### THE PROBLEM
This task calls for copying each line below that contains "measurements".

### TASK MATERIAL
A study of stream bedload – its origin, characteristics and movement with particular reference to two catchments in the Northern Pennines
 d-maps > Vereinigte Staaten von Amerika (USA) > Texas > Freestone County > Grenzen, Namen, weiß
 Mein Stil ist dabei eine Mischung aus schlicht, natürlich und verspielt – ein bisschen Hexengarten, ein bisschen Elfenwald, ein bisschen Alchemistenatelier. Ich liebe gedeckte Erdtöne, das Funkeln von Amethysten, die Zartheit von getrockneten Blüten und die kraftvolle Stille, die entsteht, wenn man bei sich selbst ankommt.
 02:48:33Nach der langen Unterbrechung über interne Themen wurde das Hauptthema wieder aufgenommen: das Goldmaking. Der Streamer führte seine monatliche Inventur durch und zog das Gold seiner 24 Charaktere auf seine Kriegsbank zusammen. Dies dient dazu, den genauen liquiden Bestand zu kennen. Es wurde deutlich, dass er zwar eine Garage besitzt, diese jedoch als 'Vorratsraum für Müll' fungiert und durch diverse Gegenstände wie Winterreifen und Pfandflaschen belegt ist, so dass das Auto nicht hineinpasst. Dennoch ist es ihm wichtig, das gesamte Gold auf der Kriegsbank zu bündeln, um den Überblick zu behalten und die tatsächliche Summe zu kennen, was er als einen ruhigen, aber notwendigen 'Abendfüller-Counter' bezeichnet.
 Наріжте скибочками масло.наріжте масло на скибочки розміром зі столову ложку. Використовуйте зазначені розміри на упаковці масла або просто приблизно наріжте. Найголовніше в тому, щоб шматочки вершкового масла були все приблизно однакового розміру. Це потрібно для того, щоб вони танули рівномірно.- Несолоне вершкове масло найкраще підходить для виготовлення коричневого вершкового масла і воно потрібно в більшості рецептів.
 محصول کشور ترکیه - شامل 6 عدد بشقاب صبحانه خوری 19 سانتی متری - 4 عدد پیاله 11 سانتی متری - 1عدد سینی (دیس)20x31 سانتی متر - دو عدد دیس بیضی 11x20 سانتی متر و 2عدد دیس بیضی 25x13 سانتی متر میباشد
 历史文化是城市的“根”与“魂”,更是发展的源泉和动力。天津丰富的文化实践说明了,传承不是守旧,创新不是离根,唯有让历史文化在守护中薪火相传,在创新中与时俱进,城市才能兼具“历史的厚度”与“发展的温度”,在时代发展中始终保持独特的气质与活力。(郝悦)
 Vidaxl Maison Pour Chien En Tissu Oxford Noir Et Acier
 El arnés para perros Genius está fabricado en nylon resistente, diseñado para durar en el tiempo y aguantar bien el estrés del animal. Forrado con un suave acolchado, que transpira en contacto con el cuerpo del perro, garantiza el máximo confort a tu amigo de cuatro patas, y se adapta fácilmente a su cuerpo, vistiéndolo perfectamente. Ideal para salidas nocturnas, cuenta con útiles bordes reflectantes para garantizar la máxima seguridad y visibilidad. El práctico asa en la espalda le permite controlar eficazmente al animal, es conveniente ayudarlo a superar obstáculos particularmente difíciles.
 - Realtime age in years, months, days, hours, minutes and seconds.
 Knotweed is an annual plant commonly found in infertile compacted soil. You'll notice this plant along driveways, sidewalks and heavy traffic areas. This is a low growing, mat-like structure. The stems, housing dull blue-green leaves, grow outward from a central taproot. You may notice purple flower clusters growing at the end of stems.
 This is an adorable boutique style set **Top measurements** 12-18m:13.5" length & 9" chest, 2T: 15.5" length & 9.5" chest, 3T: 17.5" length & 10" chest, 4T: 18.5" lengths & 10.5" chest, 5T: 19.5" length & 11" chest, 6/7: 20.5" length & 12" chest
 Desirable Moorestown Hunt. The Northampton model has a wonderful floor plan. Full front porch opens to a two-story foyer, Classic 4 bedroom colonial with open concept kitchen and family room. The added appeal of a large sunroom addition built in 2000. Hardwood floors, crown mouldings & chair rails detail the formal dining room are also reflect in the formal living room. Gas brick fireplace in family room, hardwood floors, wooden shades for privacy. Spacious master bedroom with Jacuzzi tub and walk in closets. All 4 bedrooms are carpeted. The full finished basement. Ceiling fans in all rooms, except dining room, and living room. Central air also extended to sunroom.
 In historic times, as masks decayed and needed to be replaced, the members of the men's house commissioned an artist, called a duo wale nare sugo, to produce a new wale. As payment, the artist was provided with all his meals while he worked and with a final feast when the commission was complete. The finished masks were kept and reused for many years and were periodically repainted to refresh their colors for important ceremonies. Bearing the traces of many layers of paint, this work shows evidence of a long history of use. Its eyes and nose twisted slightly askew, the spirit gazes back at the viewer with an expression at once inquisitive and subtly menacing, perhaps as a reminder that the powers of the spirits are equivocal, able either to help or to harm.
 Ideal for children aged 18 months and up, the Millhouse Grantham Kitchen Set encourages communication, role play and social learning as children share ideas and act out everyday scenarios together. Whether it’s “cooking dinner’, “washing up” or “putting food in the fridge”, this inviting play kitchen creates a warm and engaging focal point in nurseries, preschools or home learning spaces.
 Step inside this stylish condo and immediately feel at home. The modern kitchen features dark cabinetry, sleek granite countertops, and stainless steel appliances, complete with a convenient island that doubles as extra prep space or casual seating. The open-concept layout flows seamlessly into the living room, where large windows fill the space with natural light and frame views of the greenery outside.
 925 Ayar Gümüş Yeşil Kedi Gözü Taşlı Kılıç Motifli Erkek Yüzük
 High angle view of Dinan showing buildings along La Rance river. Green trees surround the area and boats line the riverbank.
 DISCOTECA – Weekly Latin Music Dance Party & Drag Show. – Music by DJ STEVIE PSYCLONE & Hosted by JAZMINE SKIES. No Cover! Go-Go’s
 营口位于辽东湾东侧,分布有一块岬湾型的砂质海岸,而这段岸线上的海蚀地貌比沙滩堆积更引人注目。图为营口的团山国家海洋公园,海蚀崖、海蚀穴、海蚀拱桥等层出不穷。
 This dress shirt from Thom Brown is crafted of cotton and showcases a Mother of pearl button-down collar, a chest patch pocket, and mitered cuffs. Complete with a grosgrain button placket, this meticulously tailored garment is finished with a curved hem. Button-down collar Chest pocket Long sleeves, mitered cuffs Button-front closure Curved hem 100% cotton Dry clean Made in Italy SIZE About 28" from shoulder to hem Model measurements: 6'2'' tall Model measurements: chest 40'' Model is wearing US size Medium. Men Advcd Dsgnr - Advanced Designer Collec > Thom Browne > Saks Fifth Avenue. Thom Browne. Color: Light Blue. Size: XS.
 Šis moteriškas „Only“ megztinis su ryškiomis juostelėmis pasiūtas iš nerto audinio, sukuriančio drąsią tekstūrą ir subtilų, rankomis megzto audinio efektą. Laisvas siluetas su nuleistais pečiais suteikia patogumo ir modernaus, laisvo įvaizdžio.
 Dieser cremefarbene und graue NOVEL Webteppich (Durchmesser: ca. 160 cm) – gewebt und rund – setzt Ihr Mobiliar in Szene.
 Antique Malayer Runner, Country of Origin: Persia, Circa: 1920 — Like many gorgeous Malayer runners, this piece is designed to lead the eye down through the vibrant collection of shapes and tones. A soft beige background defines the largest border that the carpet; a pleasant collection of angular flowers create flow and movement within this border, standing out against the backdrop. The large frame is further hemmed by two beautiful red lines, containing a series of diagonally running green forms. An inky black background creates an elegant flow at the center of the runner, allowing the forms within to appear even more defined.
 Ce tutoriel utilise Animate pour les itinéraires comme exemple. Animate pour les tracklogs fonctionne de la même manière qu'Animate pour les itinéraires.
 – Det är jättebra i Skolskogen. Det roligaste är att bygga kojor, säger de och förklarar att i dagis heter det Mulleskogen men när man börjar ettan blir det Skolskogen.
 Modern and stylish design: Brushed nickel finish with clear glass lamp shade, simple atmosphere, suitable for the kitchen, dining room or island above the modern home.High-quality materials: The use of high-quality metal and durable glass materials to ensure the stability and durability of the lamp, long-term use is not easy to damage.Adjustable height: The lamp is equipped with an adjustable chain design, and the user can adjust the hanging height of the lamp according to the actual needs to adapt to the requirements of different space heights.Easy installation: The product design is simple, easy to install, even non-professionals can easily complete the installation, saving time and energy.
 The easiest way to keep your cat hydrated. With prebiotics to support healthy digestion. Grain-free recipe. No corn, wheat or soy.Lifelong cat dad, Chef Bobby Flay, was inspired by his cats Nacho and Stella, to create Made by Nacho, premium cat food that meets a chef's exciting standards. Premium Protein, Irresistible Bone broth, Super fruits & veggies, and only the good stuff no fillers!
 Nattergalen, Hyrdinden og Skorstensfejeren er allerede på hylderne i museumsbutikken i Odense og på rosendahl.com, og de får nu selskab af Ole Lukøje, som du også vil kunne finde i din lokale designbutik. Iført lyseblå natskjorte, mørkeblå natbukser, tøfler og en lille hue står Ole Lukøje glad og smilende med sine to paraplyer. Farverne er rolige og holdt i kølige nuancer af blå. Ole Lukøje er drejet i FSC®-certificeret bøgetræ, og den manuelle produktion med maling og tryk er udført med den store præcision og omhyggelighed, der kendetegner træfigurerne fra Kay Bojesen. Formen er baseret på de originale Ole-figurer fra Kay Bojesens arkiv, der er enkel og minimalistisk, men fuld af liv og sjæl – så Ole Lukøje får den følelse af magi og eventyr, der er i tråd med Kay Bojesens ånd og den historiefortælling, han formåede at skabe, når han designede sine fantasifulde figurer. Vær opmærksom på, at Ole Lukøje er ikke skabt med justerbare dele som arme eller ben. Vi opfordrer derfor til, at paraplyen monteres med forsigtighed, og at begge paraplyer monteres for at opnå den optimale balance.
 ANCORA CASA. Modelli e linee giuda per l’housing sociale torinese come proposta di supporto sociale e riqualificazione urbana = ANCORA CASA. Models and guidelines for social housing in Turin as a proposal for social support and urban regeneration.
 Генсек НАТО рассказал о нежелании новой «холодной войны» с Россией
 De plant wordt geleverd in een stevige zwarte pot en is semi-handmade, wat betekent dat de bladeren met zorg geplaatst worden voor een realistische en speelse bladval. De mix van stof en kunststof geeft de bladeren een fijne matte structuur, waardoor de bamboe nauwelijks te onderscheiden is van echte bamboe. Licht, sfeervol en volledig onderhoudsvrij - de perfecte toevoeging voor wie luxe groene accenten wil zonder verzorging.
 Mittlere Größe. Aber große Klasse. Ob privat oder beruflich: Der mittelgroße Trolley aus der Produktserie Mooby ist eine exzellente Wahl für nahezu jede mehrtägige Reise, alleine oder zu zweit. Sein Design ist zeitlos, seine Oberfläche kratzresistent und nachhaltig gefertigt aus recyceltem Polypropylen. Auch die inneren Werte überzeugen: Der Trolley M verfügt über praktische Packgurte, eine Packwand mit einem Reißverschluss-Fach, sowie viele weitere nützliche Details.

### TASK RESPONSE
 This is an adorable boutique style set **Top measurements** 12-18m:13.5" length & 9" chest, 2T: 15.5" length & 9.5" chest, 3T: 17.5" length & 10" chest, 4T: 18.5" lengths & 10.5" chest, 5T: 19.5" length & 11" chest, 6/7: 20.5" length & 12" chest
 This dress shirt from Thom Brown is crafted of cotton and showcases a Mother of pearl button-down collar, a chest patch pocket, and mitered cuffs. Complete with a grosgrain button placket, this meticulously tailored garment is finished with a curved hem. Button-down collar Chest pocket Long sleeves, mitered cuffs Button-front closure Curved hem 100% cotton Dry clean Made in Italy SIZE About 28" from shoulder to hem Model measurements: 6'2'' tall Model measurements: chest 40'' Model is wearing US size Medium. Men Advcd Dsgnr - Advanced Designer Collec > Thom Browne > Saks Fifth Avenue. Thom Browne. Color: Light Blue. Size: XS.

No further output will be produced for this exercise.